Thirdly, the report of the new controlling trustee reveals matters of concern.  According to the report, the proposal will give creditors 2.02 cents in the dollar.  I might note that the amount owing to creditors has increased beyond the total of the amount in question when the matter was before Moore J.  Ms Nash has drawn my attention to the fact that there will be further priority claims, as a result of which, in her contention, the creditors will get nothing out of the proposed arrangement.

Fourthly, the report of the controlling trustee reveals many matters not disclosed in the original report, including the fact that the Debtor has been associated with nine companies as a director - the earlier report had mentioned only two of them.

Of course, it is conceivable that if somebody were here representing the Debtor that person might be able to tender evidence and make submissions on his behalf, directing attention to matters favourable to him of which I am not presently aware.  I do not think that the passage from the judgment of Moore J in which he says that the Debtor should have the opportunity of putting a further private arrangement to his creditors represents a final view that that should be allowed to happen in any event. 

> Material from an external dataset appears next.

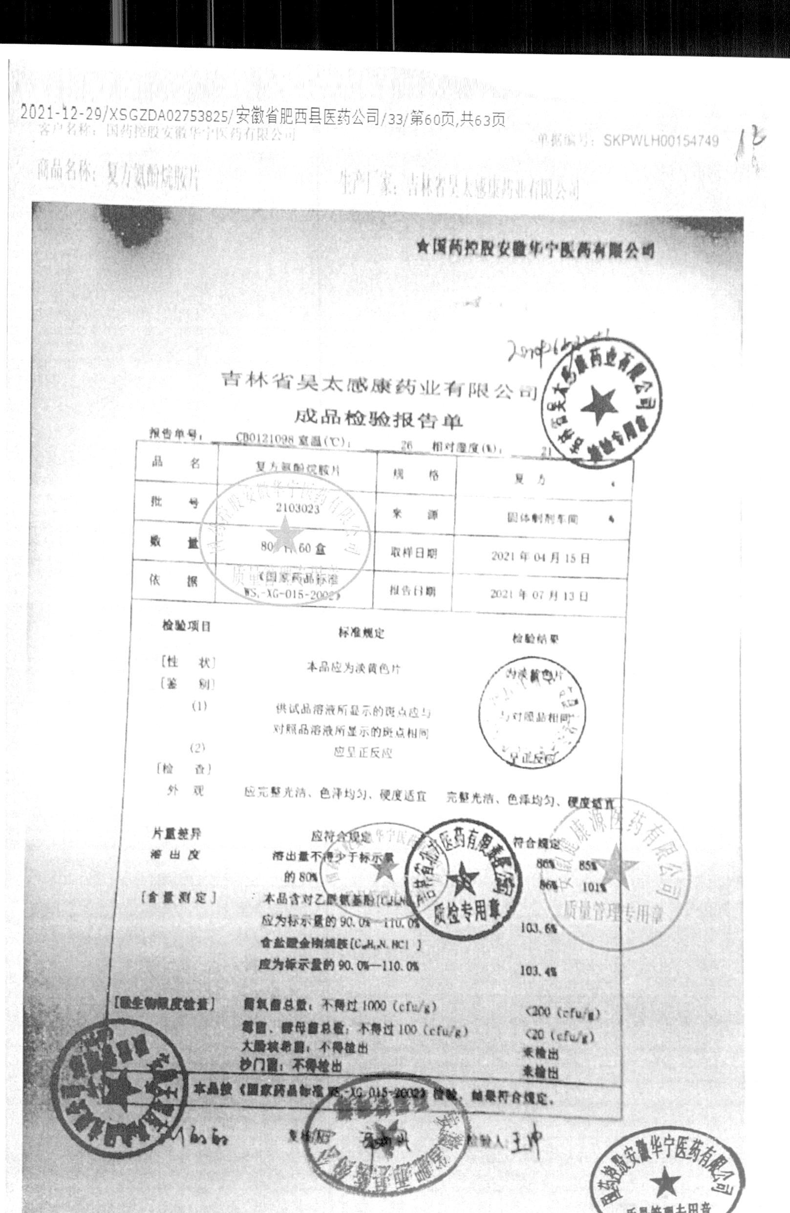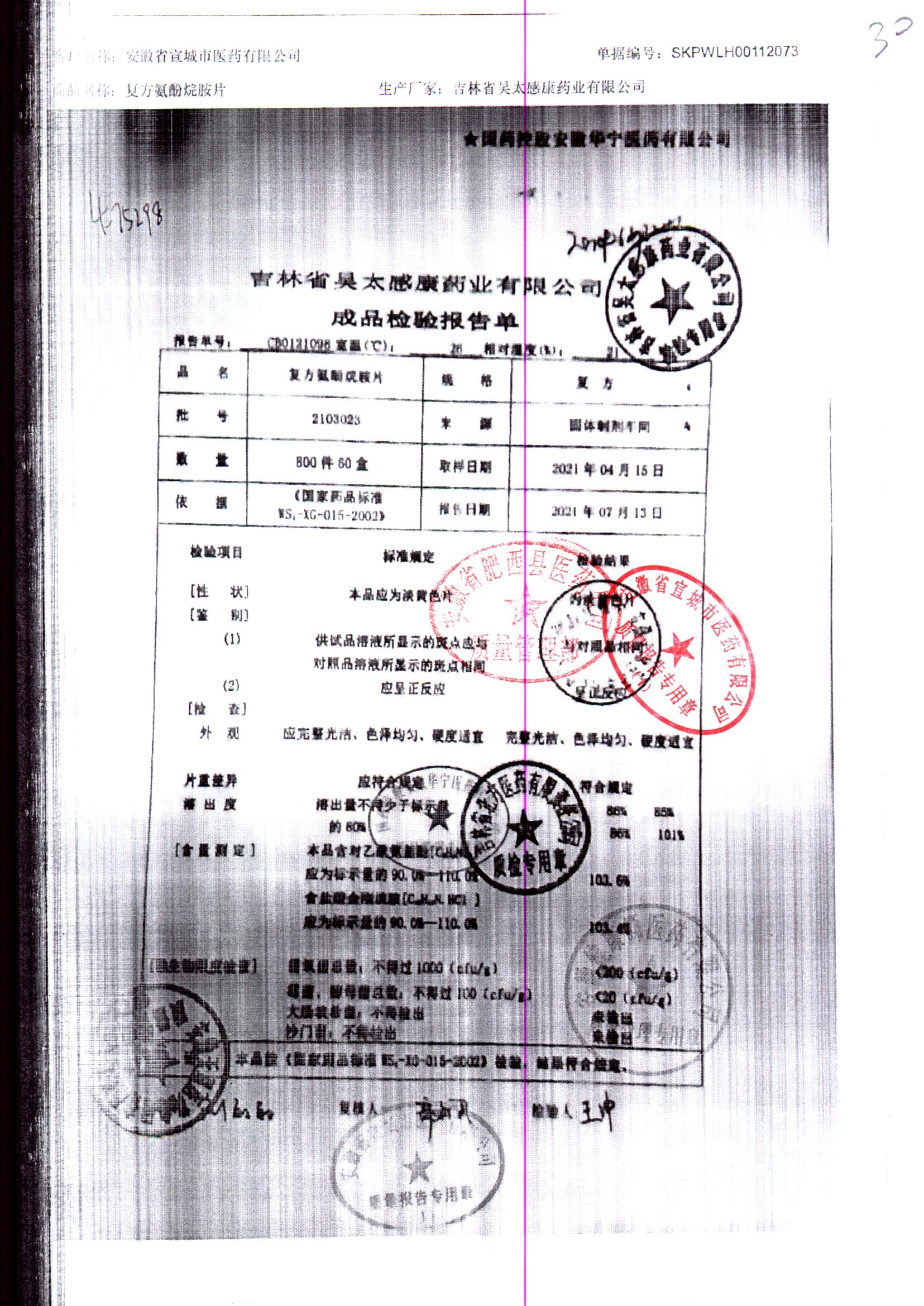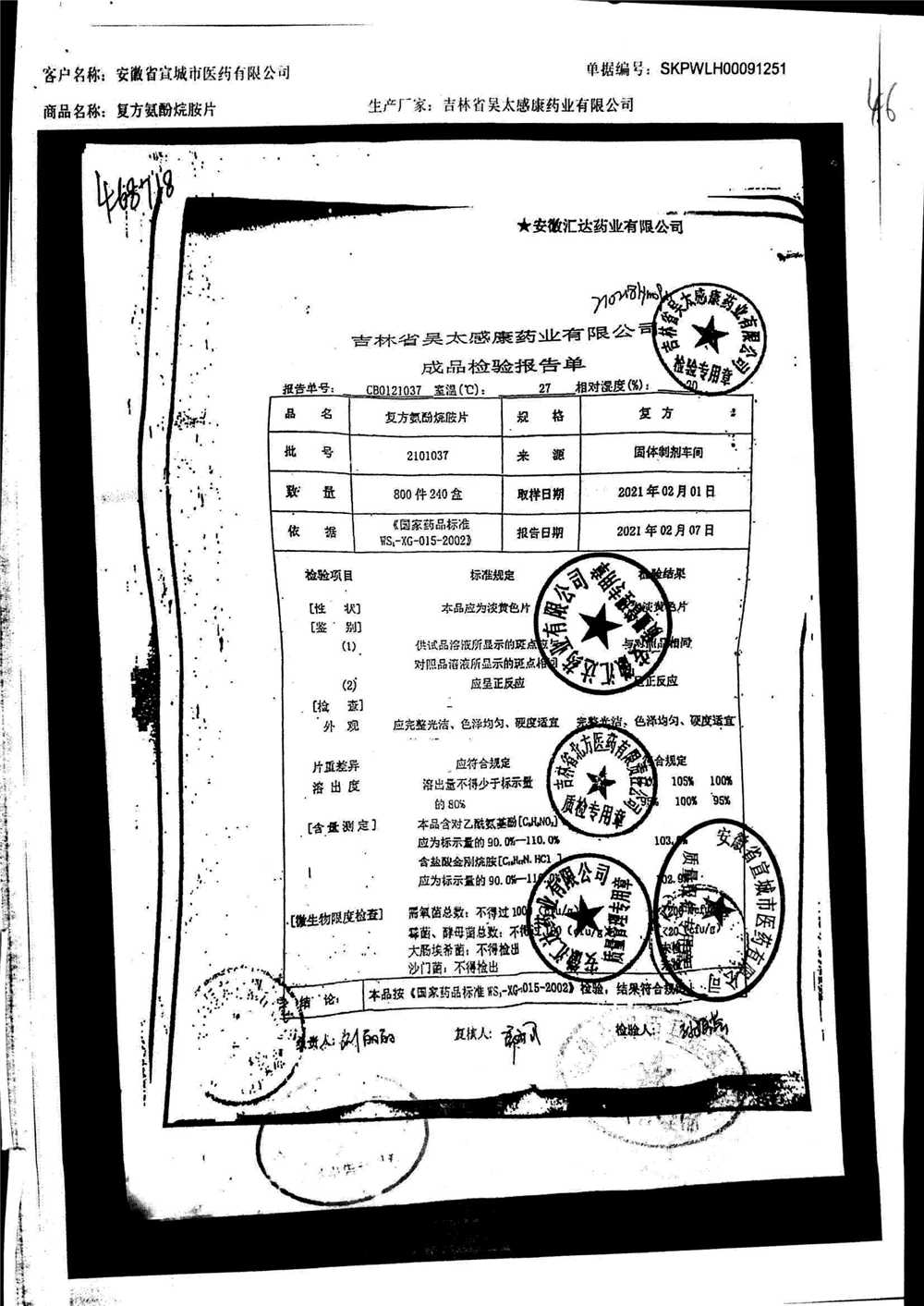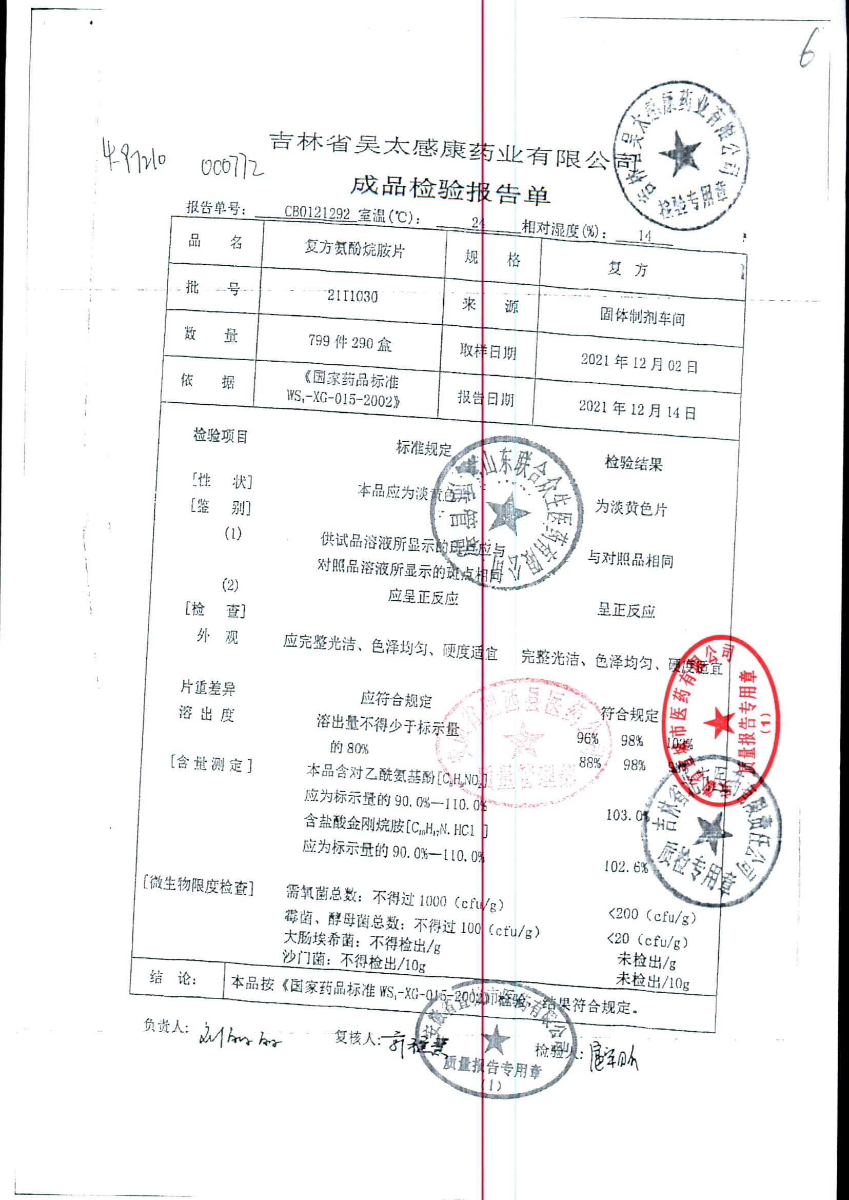 | 復方氨酚烷胺片 | 復方 | 2111031 | 查看詳情 |

I am satisfied with the proof of the matters referred to in sub-s 52 (1) of the Act. Notwithstanding the fact that the controlling trustee has apparently convened a meeting of creditors in Melbourne for as early as 2 January 1997, in the absence of any evidence tendered on behalf of the Debtor on both occasions when the creditor's petition has been before me, I think the appropriate order is that a sequestration order be made today. However, and with some misgiving and reluctance in view of the way in which the case has been handled on the Debtor's side, I will stay any steps pursuant to the sequestration order until 10 January 1997 and reserve leave for the Debtor to apply by motion supported by affidavit or affidavits for a setting aside of the sequestration order.

I certify that this and the preceding 5 pages are a true copy of the Reasons for Judgment of the Honourable Justice Lindgren.

Associate:

Dated:2 January 1997

Heard:        17 December 1996

Place:        Sydney

Decision:     20 December 1996

Appearances:   Ms S Nash, solicitor, of Sally Nash & Co, appeared for the petitioning creditor.